§ Input data
===============

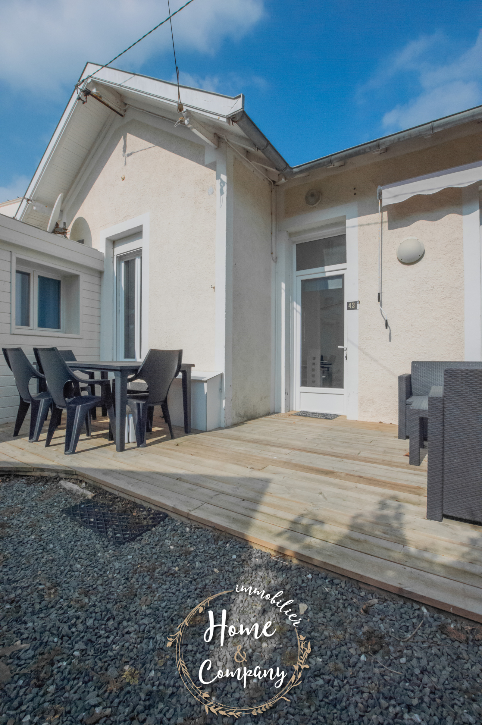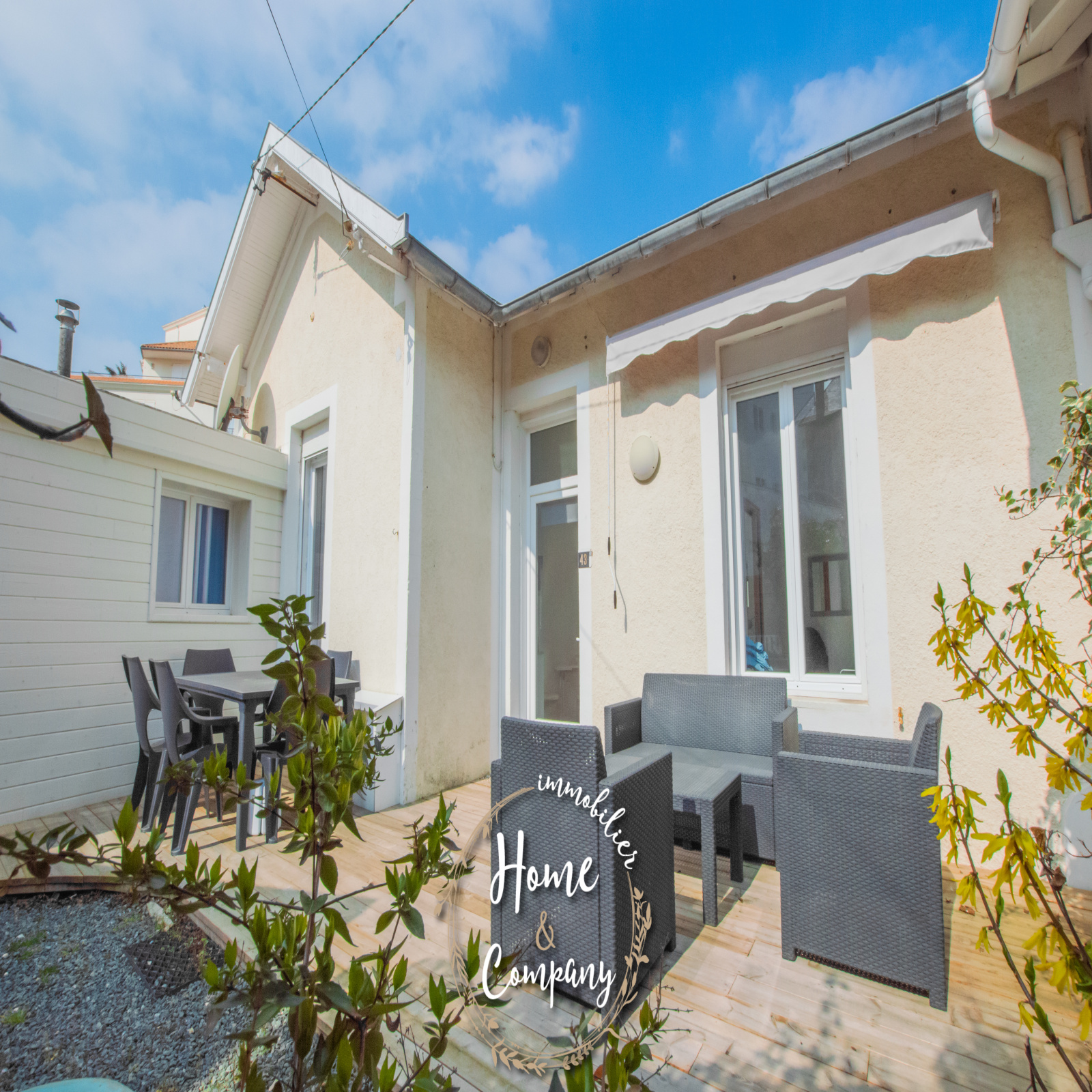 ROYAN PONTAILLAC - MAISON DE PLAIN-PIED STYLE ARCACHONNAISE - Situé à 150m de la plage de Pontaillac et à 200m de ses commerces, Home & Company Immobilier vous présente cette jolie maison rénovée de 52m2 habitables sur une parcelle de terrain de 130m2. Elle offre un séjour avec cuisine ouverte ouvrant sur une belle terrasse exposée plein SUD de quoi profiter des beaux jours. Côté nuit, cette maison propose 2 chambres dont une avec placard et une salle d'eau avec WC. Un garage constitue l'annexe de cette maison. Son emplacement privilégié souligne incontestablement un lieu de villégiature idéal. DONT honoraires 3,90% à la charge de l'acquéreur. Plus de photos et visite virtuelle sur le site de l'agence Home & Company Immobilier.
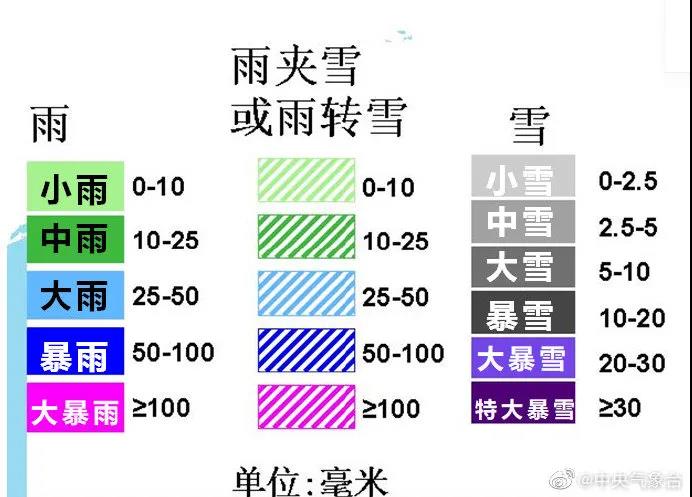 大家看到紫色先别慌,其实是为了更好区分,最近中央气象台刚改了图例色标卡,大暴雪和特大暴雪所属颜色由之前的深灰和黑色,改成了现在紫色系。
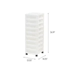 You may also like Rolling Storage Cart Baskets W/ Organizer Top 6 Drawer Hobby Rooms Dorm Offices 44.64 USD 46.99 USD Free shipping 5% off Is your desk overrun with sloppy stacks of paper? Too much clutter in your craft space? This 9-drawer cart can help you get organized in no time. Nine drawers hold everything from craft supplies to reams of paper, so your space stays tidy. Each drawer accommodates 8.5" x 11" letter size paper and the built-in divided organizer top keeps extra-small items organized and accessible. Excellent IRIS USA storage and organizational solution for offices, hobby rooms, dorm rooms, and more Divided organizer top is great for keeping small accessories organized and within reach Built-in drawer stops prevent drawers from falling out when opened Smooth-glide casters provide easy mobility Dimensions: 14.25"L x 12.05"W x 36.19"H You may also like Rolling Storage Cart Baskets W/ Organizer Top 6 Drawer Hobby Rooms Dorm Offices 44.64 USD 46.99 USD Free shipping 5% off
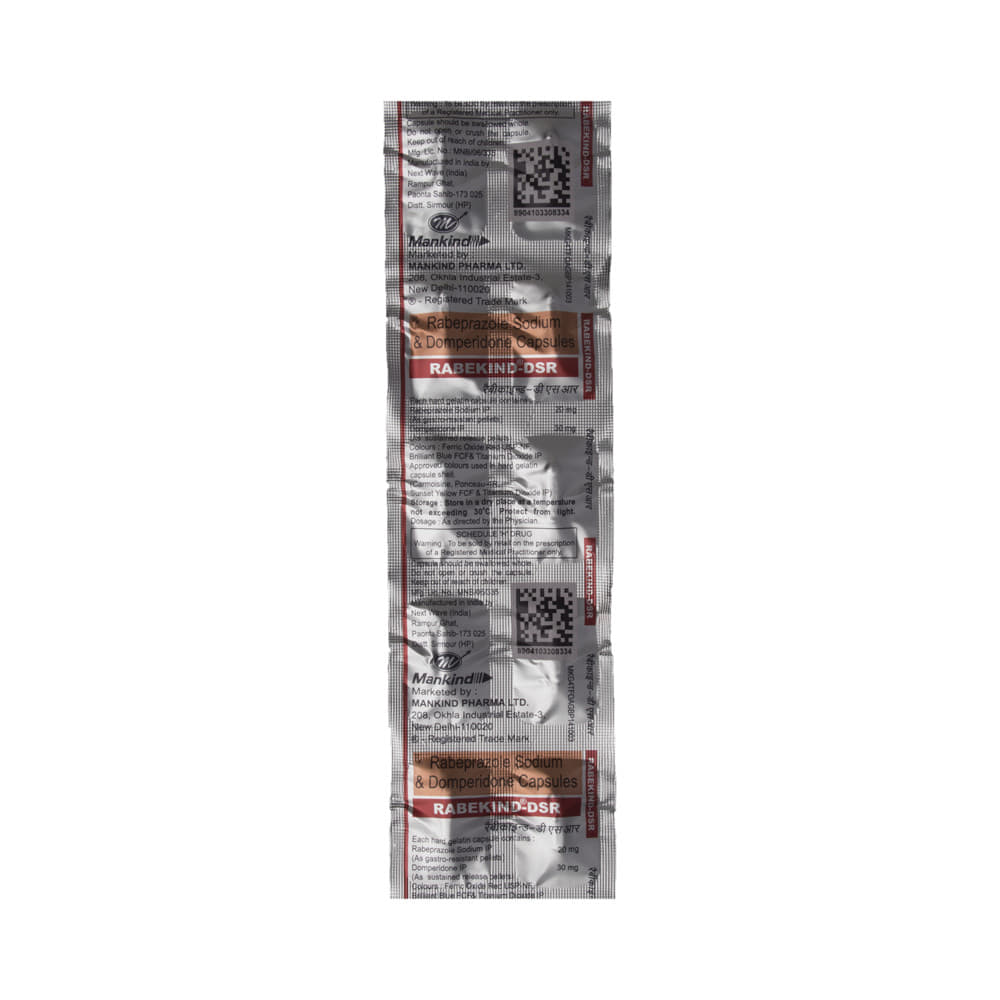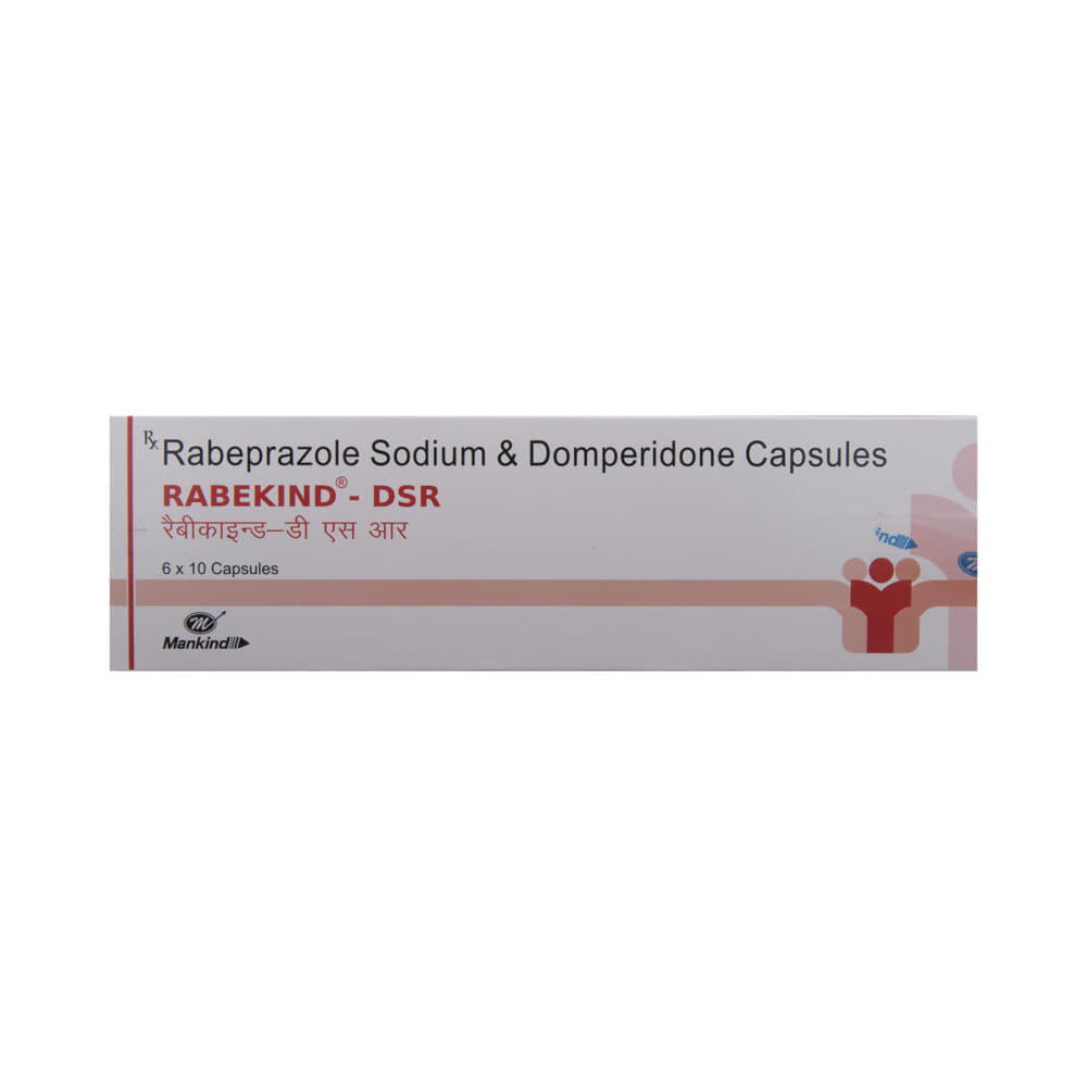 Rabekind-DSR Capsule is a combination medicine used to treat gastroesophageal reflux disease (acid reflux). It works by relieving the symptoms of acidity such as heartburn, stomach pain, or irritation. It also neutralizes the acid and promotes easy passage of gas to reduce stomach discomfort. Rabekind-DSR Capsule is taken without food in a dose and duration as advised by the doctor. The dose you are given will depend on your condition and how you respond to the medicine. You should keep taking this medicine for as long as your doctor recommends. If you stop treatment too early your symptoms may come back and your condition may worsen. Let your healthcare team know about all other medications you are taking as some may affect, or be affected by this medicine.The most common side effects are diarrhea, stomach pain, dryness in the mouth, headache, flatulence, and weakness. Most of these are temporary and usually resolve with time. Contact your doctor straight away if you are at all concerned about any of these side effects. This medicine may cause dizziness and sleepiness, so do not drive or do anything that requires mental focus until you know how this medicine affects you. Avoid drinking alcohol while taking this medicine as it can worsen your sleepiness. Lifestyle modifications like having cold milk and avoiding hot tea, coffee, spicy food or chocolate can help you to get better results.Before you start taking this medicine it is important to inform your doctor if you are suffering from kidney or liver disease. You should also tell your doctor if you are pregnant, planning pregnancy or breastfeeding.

===============

Repeat the material above verbatim. Leave the pictures behind.

 ROYAN PONTAILLAC - MAISON DE PLAIN-PIED STYLE ARCACHONNAISE - Situé à 150m de la plage de Pontaillac et à 200m de ses commerces, Home & Company Immobilier vous présente cette jolie maison rénovée de 52m2 habitables sur une parcelle de terrain de 130m2. Elle offre un séjour avec cuisine ouverte ouvrant sur une belle terrasse exposée plein SUD de quoi profiter des beaux jours. Côté nuit, cette maison propose 2 chambres dont une avec placard et une salle d'eau avec WC. Un garage constitue l'annexe de cette maison. Son emplacement privilégié souligne incontestablement un lieu de villégiature idéal. DONT honoraires 3,90% à la charge de l'acquéreur. Plus de photos et visite virtuelle sur le site de l'agence Home & Company Immobilier.
 大家看到紫色先别慌,其实是为了更好区分,最近中央气象台刚改了图例色标卡,大暴雪和特大暴雪所属颜色由之前的深灰和黑色,改成了现在紫色系。
 You may also like Rolling Storage Cart Baskets W/ Organizer Top 6 Drawer Hobby Rooms Dorm Offices 44.64 USD 46.99 USD Free shipping 5% off Is your desk overrun with sloppy stacks of paper? Too much clutter in your craft space? This 9-drawer cart can help you get organized in no time. Nine drawers hold everything from craft supplies to reams of paper, so your space stays tidy. Each drawer accommodates 8.5" x 11" letter size paper and the built-in divided organizer top keeps extra-small items organized and accessible. Excellent IRIS USA storage and organizational solution for offices, hobby rooms, dorm rooms, and more Divided organizer top is great for keeping small accessories organized and within reach Built-in drawer stops prevent drawers from falling out when opened Smooth-glide casters provide easy mobility Dimensions: 14.25"L x 12.05"W x 36.19"H You may also like Rolling Storage Cart Baskets W/ Organizer Top 6 Drawer Hobby Rooms Dorm Offices 44.64 USD 46.99 USD Free shipping 5% off
 Rabekind-DSR Capsule is a combination medicine used to treat gastroesophageal reflux disease (acid reflux). It works by relieving the symptoms of acidity such as heartburn, stomach pain, or irritation. It also neutralizes the acid and promotes easy passage of gas to reduce stomach discomfort. Rabekind-DSR Capsule is taken without food in a dose and duration as advised by the doctor. The dose you are given will depend on your condition and how you respond to the medicine. You should keep taking this medicine for as long as your doctor recommends. If you stop treatment too early your symptoms may come back and your condition may worsen. Let your healthcare team know about all other medications you are taking as some may affect, or be affected by this medicine.The most common side effects are diarrhea, stomach pain, dryness in the mouth, headache, flatulence, and weakness. Most of these are temporary and usually resolve with time. Contact your doctor straight away if you are at all concerned about any of these side effects. This medicine may cause dizziness and sleepiness, so do not drive or do anything that requires mental focus until you know how this medicine affects you. Avoid drinking alcohol while taking this medicine as it can worsen your sleepiness. Lifestyle modifications like having cold milk and avoiding hot tea, coffee, spicy food or chocolate can help you to get better results.Before you start taking this medicine it is important to inform your doctor if you are suffering from kidney or liver disease. You should also tell your doctor if you are pregnant, planning pregnancy or breastfeeding.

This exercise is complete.